Despite being widely criticized for his slow response in advance of Hurricane Ida’s remnants sweeping over New York City, Mayor Bill de Blasio said Friday the killer rainfall will likely lead to travel bans and mandatory evacuations ahead of future monstrous storms.
“Literally, the highest rainfall we have ever seen in the history of New York City in one hour,” he pointed out, with the previous record set just two weeks earlier.
“And this is, unfortunately, the shape of things to come in terms of this extreme weather.
“We have to understand we’re now in the great unknown, we’re in a whole different world,” he said, noting also recent wildfires that have set records across the US.
“We’re in an entirely different reality, and we’re going to have to act very differently going forward,” he warned.
The mayor — who has taken flak for the city’s lack of preparedness for Ida, despite urgent forecasters’ warnings — insisted that the “destructive power” of Ida “came out of nowhere.”
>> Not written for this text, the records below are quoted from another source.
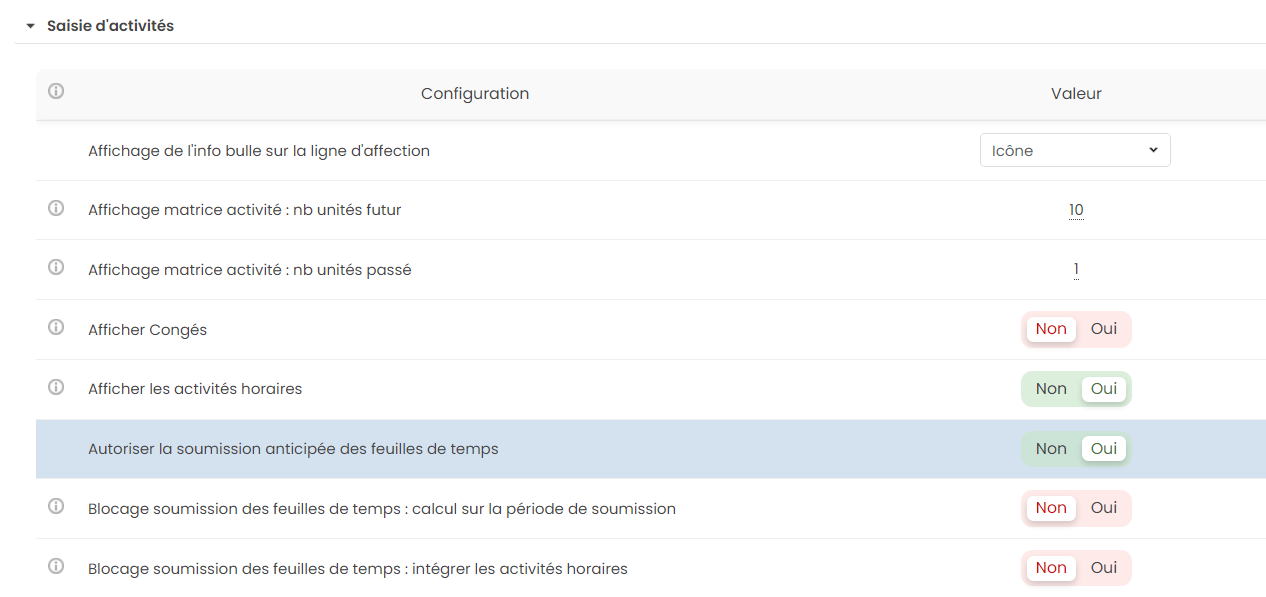 L'activation du paramètre Autoriser la soumission anticipée des feuilles de temps donne la possibilité au collaborateur de saisir son temps réalisé en avance et de soumettre ses feuilles de temps dans le futur.
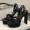 Eilyken Summer Extreme High Heels Square Toe Platform Women Sandals Narrow Band Buckle Strap Party Dress Shoes
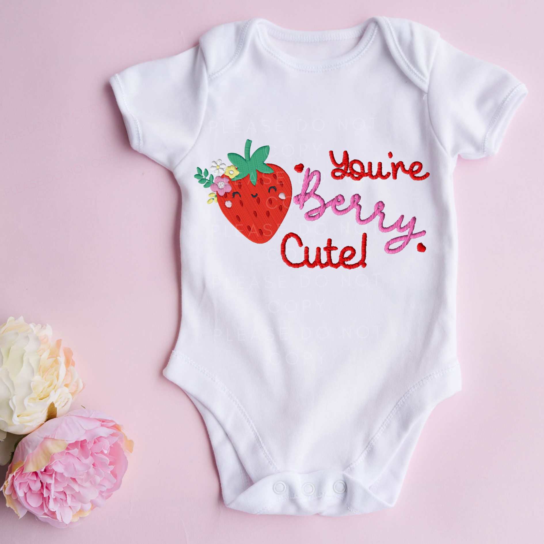 DTF TRANSFER - YOU’RE BERRY CUTE- STRAWBERRIES- EMBROIDERY EFFECT
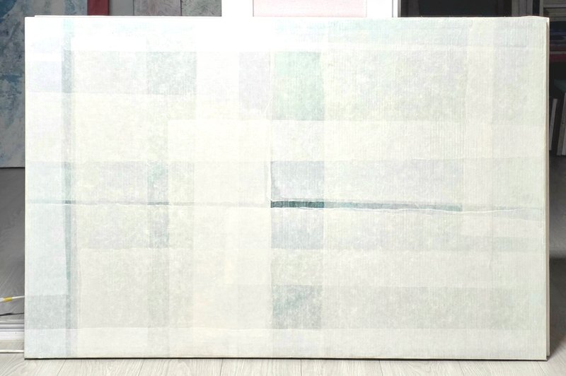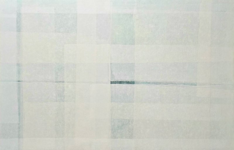 한지에서 느껴지는 은은함이나, 온화함, 자연스러움 등은 다른 매체에서 느낄 수 없는 고유한 시각적, 정서적 체험을 선사합니다. 또한 한국 현대미술에서 한지는 이제 한국적인 미감을 구현하는 것을 넘어 인간의 다양한 감정을 섬세하게 함축하고 드러내는 조형 도구로써 응용되고 있습니다. 김은미 작가의 작업도 한지를 붙이고 찢고 주름으로 표현하기도 하는 중첩의 기법으로 제작됩니다. 한지를 통해 화면 안에서 새로운 이미지를 생성하거나 그것들의 조합을 통해 내적 감성을 투명하게 쏟아내는 것이죠. 이렇게 작품 속 비구상의 서정적인 풍경은 구체적인 심상에 근거를 두지만, 작가는 이를 연상할 수 있는 최소한의 단서만을 남겨 감상자의 상상력을 유도합니다. 비로소 멈추었을 때 얻을 수 있는 사색의 시간을 이 작품과 함께 가져 보는 건 어떨까요?
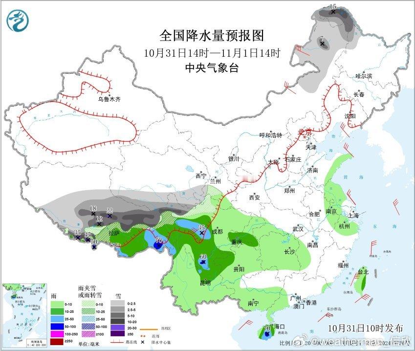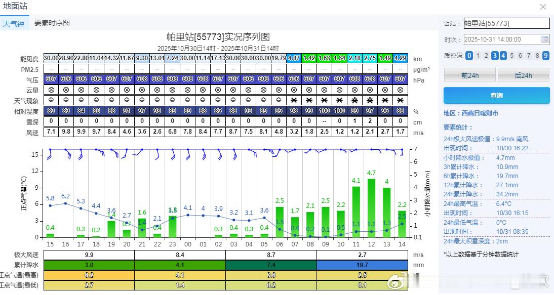 【降水】今天08-14时西藏中东部、云南西北部、四川西部和南部、贵州中北部、海南、山东南部等地出现降水。西藏部分高海拔站点出现降雪。帕里降水量19.7毫米,雪为主,但降雪不明显,12时积雪2厘米,14时降雪为0,因为温度不是很低,化掉了。

He told MSNBC that a task force is being set up to “nail down … a new set of ground rules” dealing with storms, ones that will need “much more intense actions.”
“We would historically not think of telling people, ‘Don’t go on the streets don’t go on the subways’ — literally banning travel. This is the kind of thing we’re going to have to use more often,” he said.
He also said he wanted a “plan to evacuate folks who live in basements” — noting that the fatalities came in the city, rather than flooded coastlines like previously deadly storms like Sandy.
“This is something entirely new — rain that accumulates so quickly that people can be trapped in their own basement, far away from any seashore,” he told CNN in a separate interview Friday, saying others were trapped in cars “because the rain accumulates so quickly they don’t even know what hit him.”
“This is a kind of extreme brutal weather that’s a whole new ballgame,” he said.